Tonight at Biola, there is going to be a debate between William Lane Craig and Christopher Hitchens about the existence of God. I'm going to watch the live webcast of the debate.


----------



## Romans922 (Apr 4, 2009)

do you have a link to the webcast?


----------



## cih1355 (Apr 4, 2009)

Romans922 said:


> do you have a link to the webcast?



You will not be able to access it. It is passed the deadline to sign up and pay for it.


----------



## Skyler (Apr 4, 2009)

The live blog for the debate will be at Does God Exist Debate. More info can be found at Does God Exist? A debate between William Lane Craig and Christopher Hitchens.


----------



## Davidius (Apr 4, 2009)

Hmm...will probably have to pass for the Final Four games tonight.


----------



## Marrow Man (Apr 4, 2009)

As long as Craig doesn't start talking about Molinism/Middle Knowledge...


----------



## steven-nemes (Apr 6, 2009)

I am reading a summary of the debate on a blog, and it warmed my heart to read that Craig called belief in God a properly basic belief....


----------



## Calvin'scuz (Apr 6, 2009)

Went to the debate...packed house. Craig was well prepared and energetic, while Hitchins appeared to be somewhat apathetic (almost bored at times). My friend mentioned to me that he looked like he was either tired or hungover. Not the best debate I've been to - better if you were a philosopher as opposed to theologian. Wouldn't go to another one.


----------



## Devin (Apr 6, 2009)

Calvin'scuz said:


> Went to the debate...packed house. Craig was well prepared and energetic, while Hitchins appeared to be somewhat apathetic (almost bored at times).



I think that is Hitchens in normal mode. It's a part of his European charm.


----------



## Ask Mr. Religion (Apr 7, 2009)

Didn't like that comment from Craig that at least he wasn't a Calvinist, though. May have to start burning some of his books.


----------



## cih1355 (Apr 7, 2009)

I watched the live webcast of the debate and I thought that Craig won because he gave a much better defense of his position than Hitchens. Hitchens gave weak arguments. In his opening speech, Craig gave these five arguments for God's existence: The Cosmological Argument, The Theological Argument, The Moral Argument, The Evidence of the Resurrection, and The Immediate Evidence of God. 
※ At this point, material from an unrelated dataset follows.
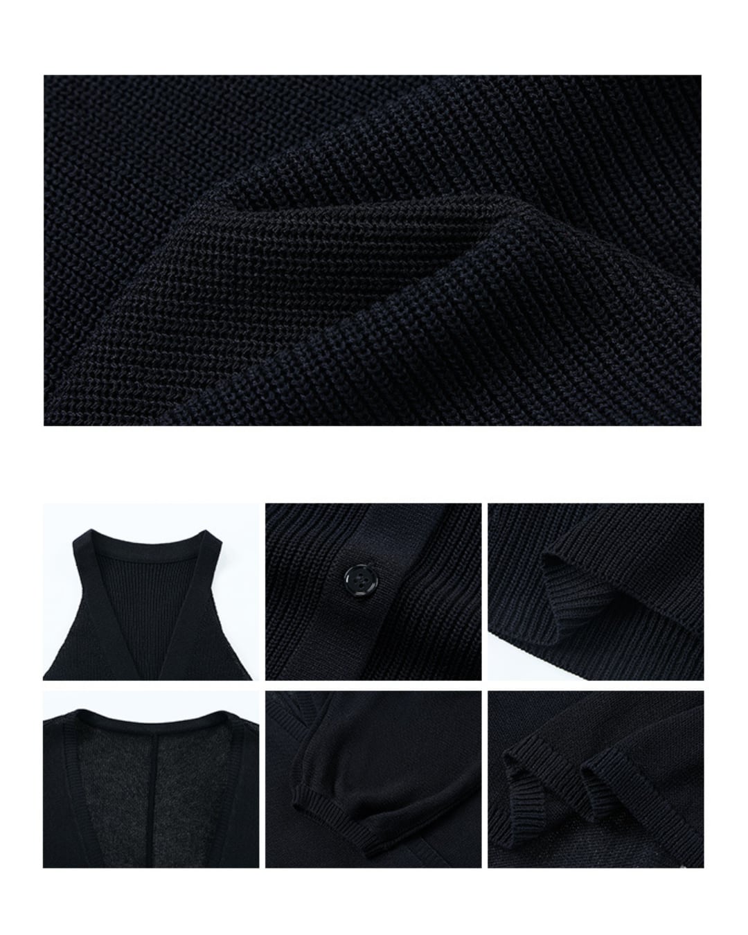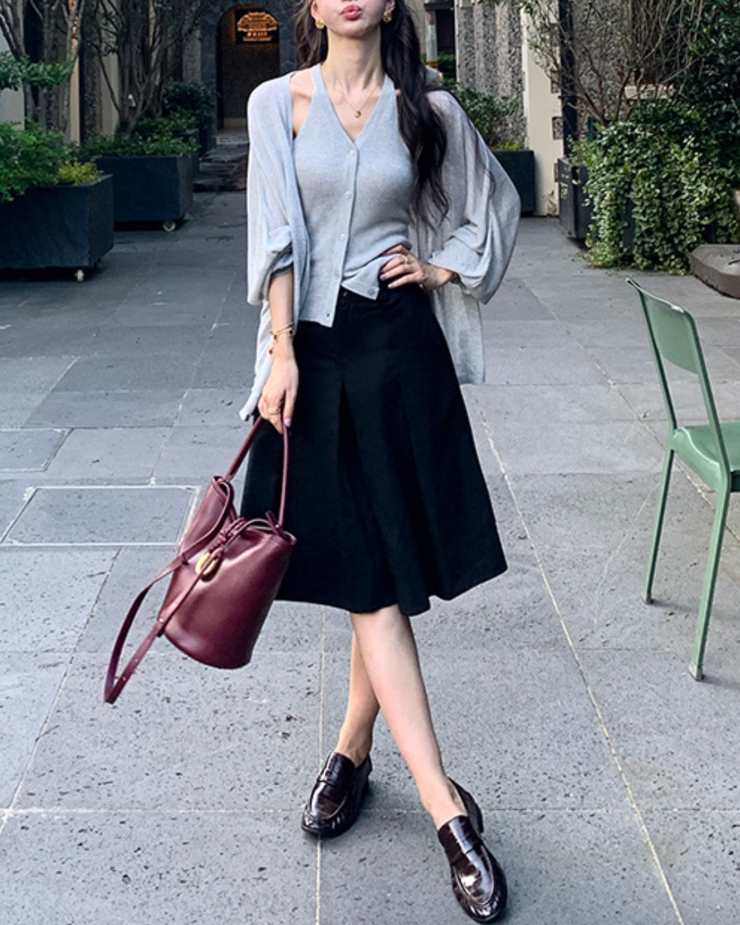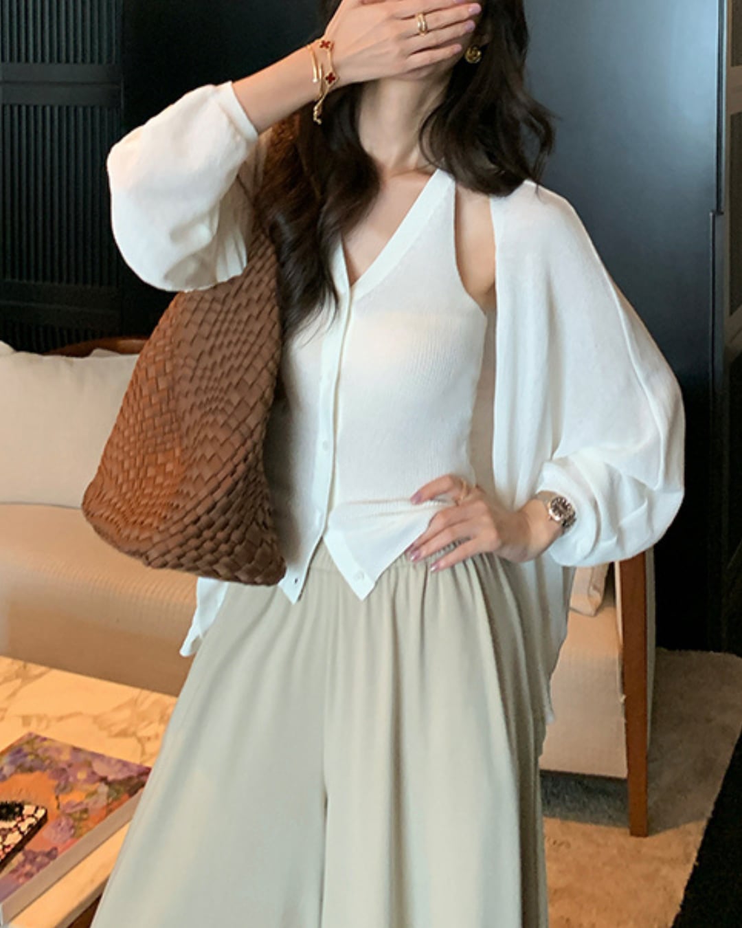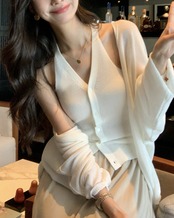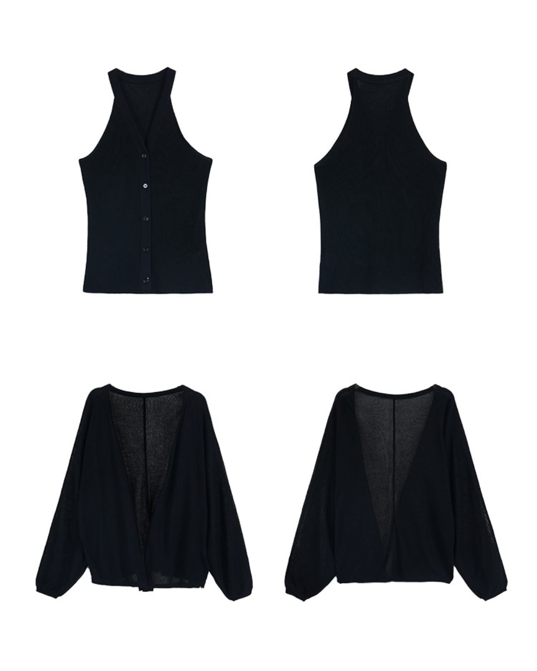 ほんのり透け感のある軽やかなサマーニット素材のカーディガンと、ヘルシーな肌見せが叶うホルターニットトップスの2点セット。Vネックのシンプルなラインがデコルテをすっきり見せ、ゆるめのシルエットが抜け感と品さを演出します。インナーと同色のセットなので、これ1つで簡単に大人ガーリーなスタイリングが完成。セットでも単品でも着回しできる、今季マストなアイテムです。

Craig was well-prepared and his speeches were easy to follow. He had good answers to everyone of the points that Hitchens made. In the first speech that Hitchens made, he didn't address all of Craig's arguments. During the cross-examination, Hitchens asked a lot of unfruitful questions such as, "Could you give an example of a false Christian denomination?" and "If a baby was born in Palestine, would you rather it be a Muslim baby or an atheist baby?". Questions like these are a waste of time because they have nothing to do with whether or not God exists.

Craig did not say anything about Molinism or middle knowledge.


----------